DANIEL P. JORDAN, III, District Judge.

This pro se prisoner case is before the Court, sua sponte, for consideration of dismissal. Petitioner Brandon Earl Fields is a pretrial detainee at the Lauderdale County Detention Facility. Fields brings this Petition for Writ of Habeas Corpus [2] pursuant to 28 U.S.C. ยง 2241.[1] Fields is currently detained on charges of felon in possession of a weapon and possession of illegal narcotics with intent to distribute. He challenges the length of his pretrial delay and alleged lack of indictment and preliminary hearing. He asks for his day in court on his state criminal case. As set forth below, this case is dismissed without prejudice.

I. Background

Fields filed this habeas action on September 9, 2014. He alleges that he has been held in the Lauderdale County Detention Facility since June 7, 2014. Nevertheless, he claims that he has yet to be indicted or brought to a preliminary hearing. He also claims that even though his attorney was assigned to him in June, the attorney only recently visited him in September. Fields claims that on September 29, he "was finally brought to Ms. Porter[']s office to call [his] attorney & 30 minutes later, [Fields] had a visit from" his appointed counsel. Pet'r's Am. Pet. [6] at 6. Fields asks the Court for a writ of habeas corpus to order the state court to give him his "day in court, " which this Court construes as a request to give him a preliminary hearing, bring him to trial, and otherwise to have his case heard before the state trial court. Id. at 8.

II. Discussion

Fields can bring federal habeas claims to force the state court to grant him these procedures only if he has exhausted the claims in state court. Dickerson v. State of La., 816 F.2d 220, 228 (5th Cir. 1987). This gives "the State the opportunity to pass upon and correct' alleged violations of its prisoners' federal rights." Baldwin v. Reese, 541 U.S. 27, 29 (2004) (internal quotation marks omitted) (quoting Duncan v. Henry, 513 U.S. 364, 365 (1995) (per curiam)). According to the Fifth Circuit Court of Appeals:

[A]lthough section 2241 establishes jurisdiction in the federal courts to consider pre-trial habeas corpus petitions, federal courts should abstain from the exercise of that jurisdiction if the issues raised... may be resolved either by trial on the merits in the state court or by other state procedures available to the petitioner.

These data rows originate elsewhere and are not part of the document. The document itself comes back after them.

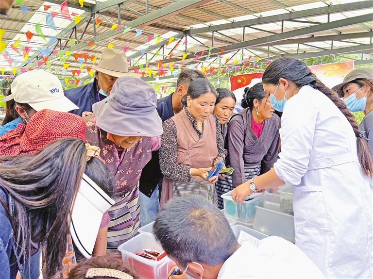 圖為朗縣藏醫(yī)院醫(yī)務(wù)人員向村民耐心講解藥品具體服用方法。記者 張猛 王珊 謝筱純 攝
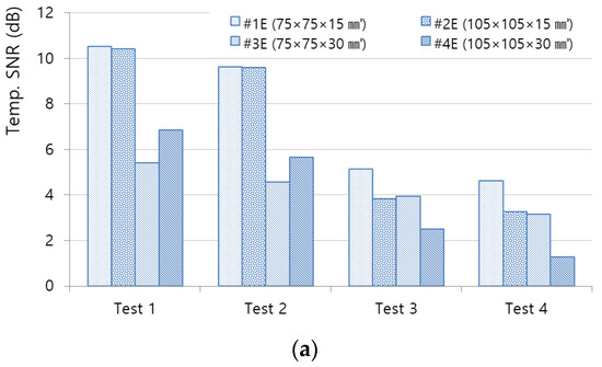 For the LIT thermography data obtained under the four test conditions through the CLP mockup specimen, the thermography image of the comparative analysis time was extracted, and the SNR for each ROI was calculated by analyzing the same method and procedure as the simulation. Figure 16a–c is a graph showing the temperature, amplitude, and phase SNR for each test based on the selected comparative analysis time. Figure 17a–c shows the temperature, amplitude, and phase images of Test 3 as an example.
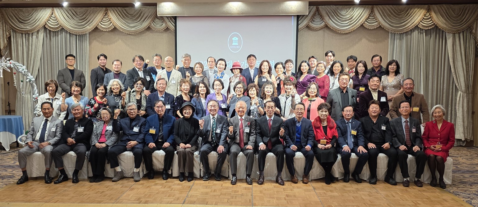 경희대학교 남가주총동문회가 지난 13일 LA한인타운 옥스포드팔레스호텔에서 총회 겸 송년모임을 성황리에 개최했다. 이날 행사에는 90여 명이 참가했으며 이상명 차기회장에 대한 총회 인준절차가 있었다. 또, 내년 9월 21일 경희대에서 열릴 미원평화상 시상식과 2027년 워싱턴에서 개최되는 북미주연합동문회에 적극 참석할 것을 다짐했다. 행사 후 이상명 남가주총동문회 신임회장, 조병태 북미주총동문회 전 회장, 김기형 북미주총동문회 회장( 앞줄 왼쪽 일곱 번째부터 오른쪽으로) 등 참석자들이 한자리에 모여 기념촬영을 했다. 조병태 회장 부부(가운데 두 분)와 동문들이 기념포즈를 취했다.(아래 사진) /경희대 남가주총동문회
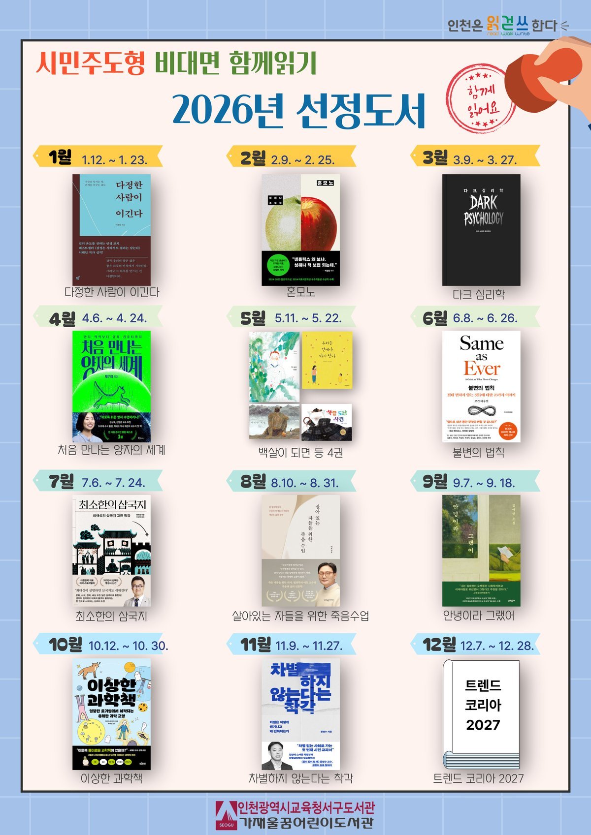 [충청뉴스큐] 인천광역시교육청서구도서관은 12월 31일 ‘2026년 시민주도형 비대면 함께읽기’도서 15권을 선정·발표했다.
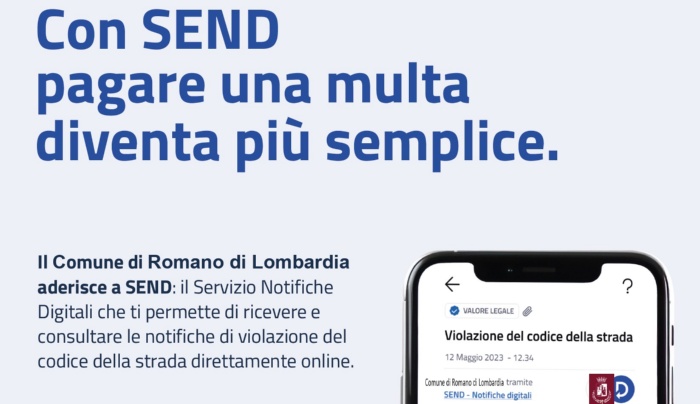 Con l’adesione del Distretto Polizia Locale Bassa Bergamasca Orientale - Comune di Romano di Lombardia a #SEND - Servizio Notifiche Digitali da oggi è più facile gestire le notifiche di violazione del codice della strada. Risparmia tempo e paga direttamente online in modo semplice e sicuro, attraverso la piattaforma dedicata o dall’app IO.

Dickerson, 816 F.2d at 225. In order to exhaust his claim for habeas relief, he is required to seek relief from the highest court of the state. O'Sullivan v. Boerckel, 526 U.S. 838, 840 (1999); see also D.D. v. White, 650 F.2d 749, 750 (5th Cir. Unit A 1981).

Fields admits he filed a petition for habeas corpus with the Lauderdale County Circuit Court on September 12, 2014, and that petition is still pending. He did not indicate that he brought any challenge in the state appellate courts. Because the Mississippi Supreme Court was not given an opportunity to consider the issues raised herein, the habeas claims are not exhausted. They are therefore dismissed without prejudice for failure to exhaust.

III. Conclusion

This case is dismissed without prejudice for Fields's failure to exhaust his state court remedies.

IT IS THEREFORE ORDERED AND ADJUDGED that, for the reasons stated above, this case should be and is hereby DISMISSED WITHOUT PREJUDICE. A separate final judgment shall issue pursuant to Federal Rule of Civil Procedure 58.